**About this exercise:** Only the lines from the start of the data through the line with "VS アビスパ福岡〉の来場者向けイベント「F・マリノスSDGs FES" belong in the copy. Restate them word for word, minus the pictures.

**Supplied material:**
....................

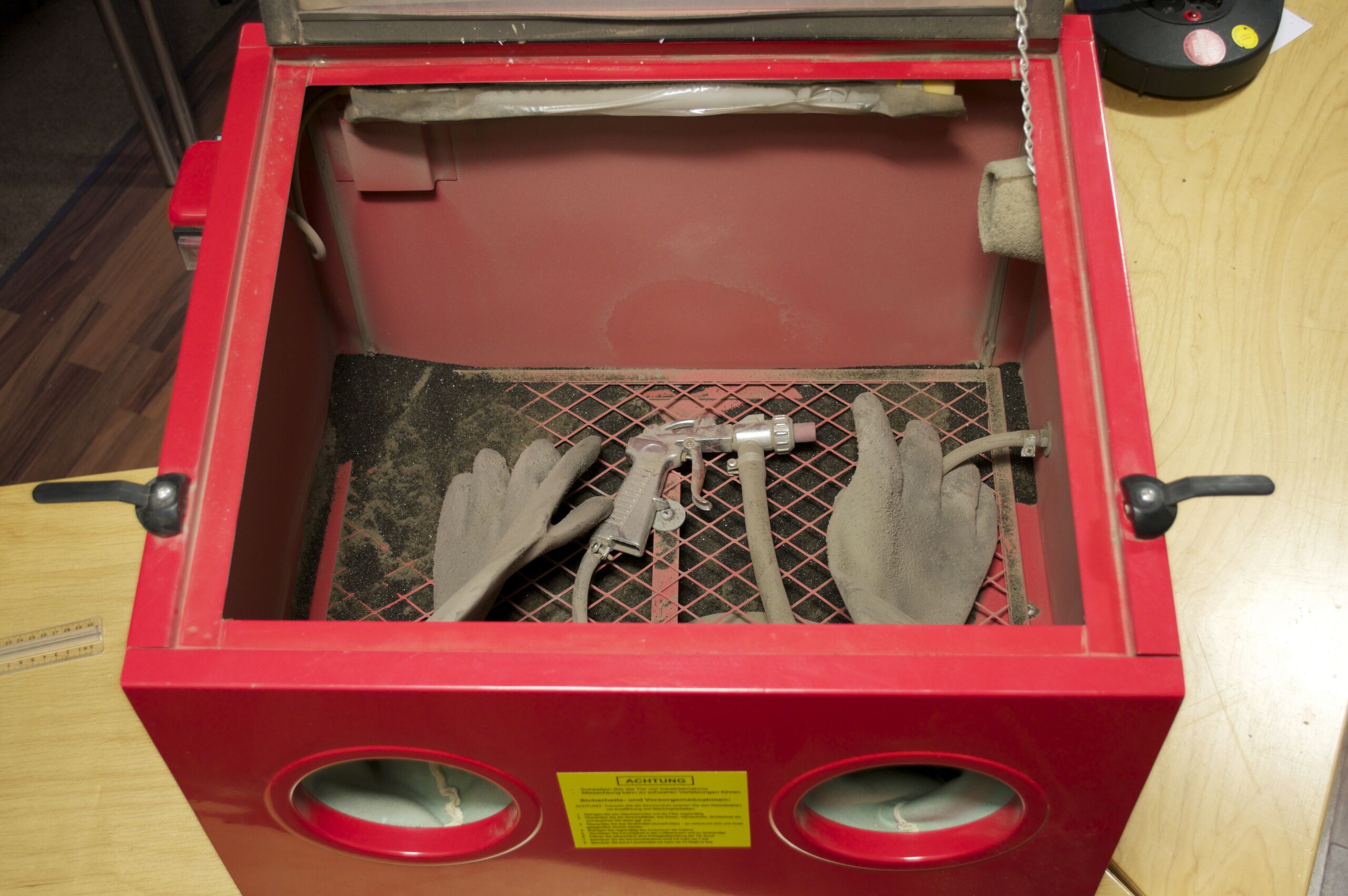 Sandstrahlkabine mit geöffnetem Deckel und Strahlgut. Eigenes Werk.
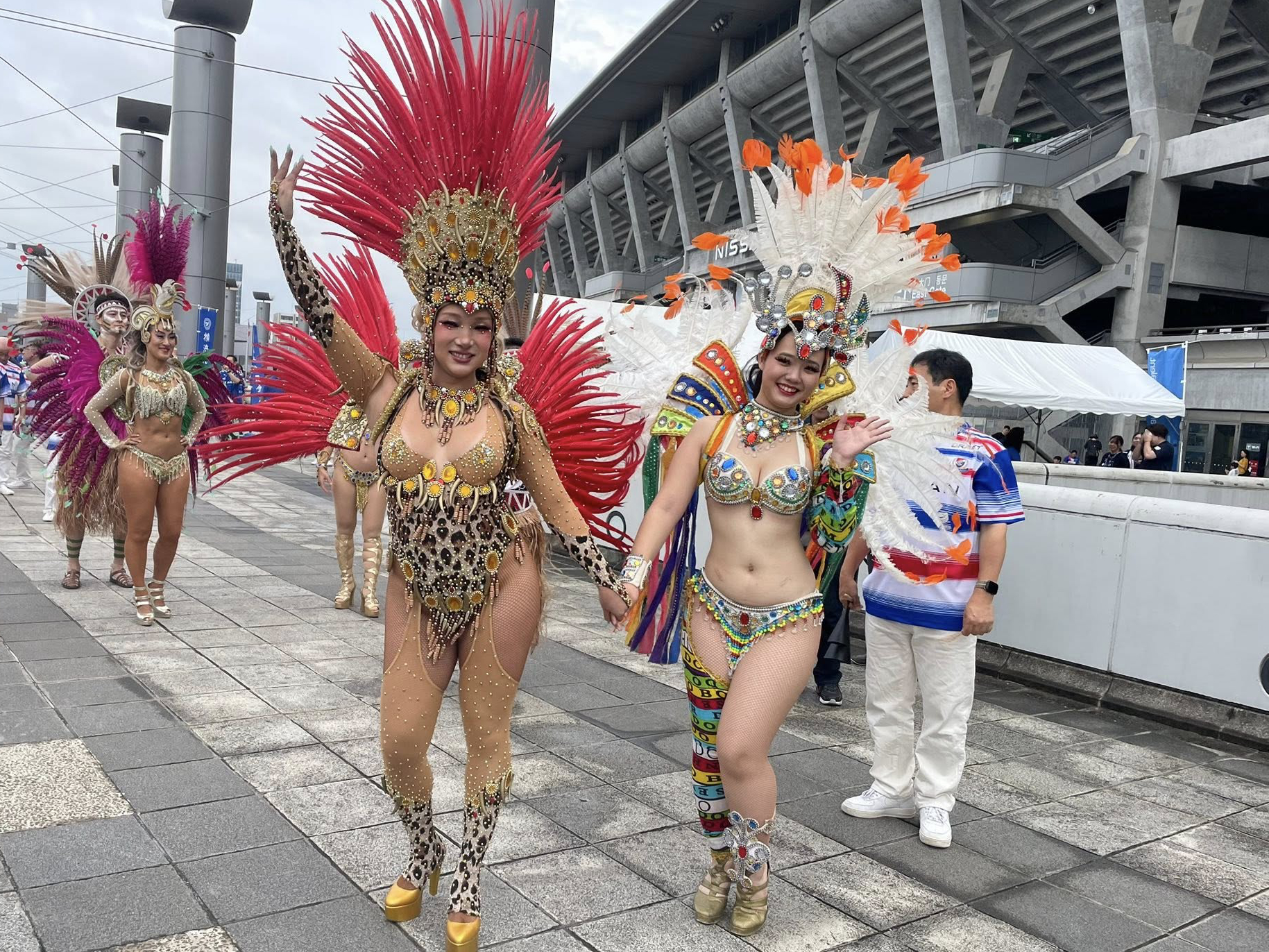 9/20(土)に日産スタジアム(横浜市)で開催された明治安田J1リーグ〈横浜F・マリノス VS アビスパ福岡〉の来場者向けイベント「F・マリノスSDGs FES 2025」(15時~19時)にて、サンバパフォーマンスを披露いたしました。
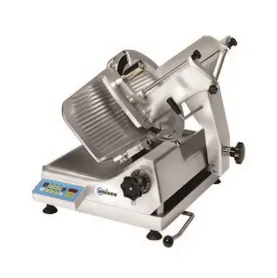 Effortless Culinary Excellence with the Univex 1000S Electric Food Slicer. This premium series slicer is designed to elevate your restaurant's slicing capabilities. With 12 automatic settings and a gravity feed system, this slicer ensures consistent and precise slicing every time. The 13" diameter knife and variable slice thickness of 0" - 0.875" (22mm) allow you to customize your cuts to perfection. The belt-driven motor operates at 35-64 strokes per minute, providing efficient slicing without compromising quality. Cleaning is a breeze with the tilting carriage and zero blade exposure feature, ensuring safety and convenience. The anodized aluminum construction guarantees durability and longevity, making it ideal for the demands of a commercial restaurant. Plus, the remote sharpener mounts in seconds, ensuring a sharp blade at all times. Elevate your culinary creations with the Univex 1000S Electric Food Slicer.
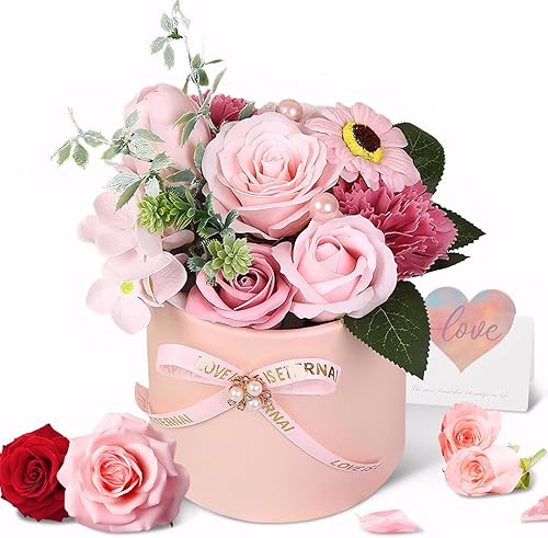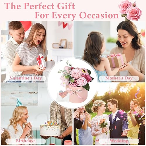 Cyiecw Boîte Cadeau de Roses Éternelles Roses - Bouquet de Fleurs Artificielles Parfumées, Cadeau Romantique pour Mère/Petite Amie/Épouse/Grand-mère, Saint-Valentin Anniversaire Noël Fête des Mères

....................

**Reply to the exercise:**
 Sandstrahlkabine mit geöffnetem Deckel und Strahlgut. Eigenes Werk.
 9/20(土)に日産スタジアム(横浜市)で開催された明治安田J1リーグ〈横浜F・マリノス VS アビスパ福岡〉の来場者向けイベント「F・マリノスSDGs FES 2025」(15時~19時)にて、サンバパフォーマンスを披露いたしました。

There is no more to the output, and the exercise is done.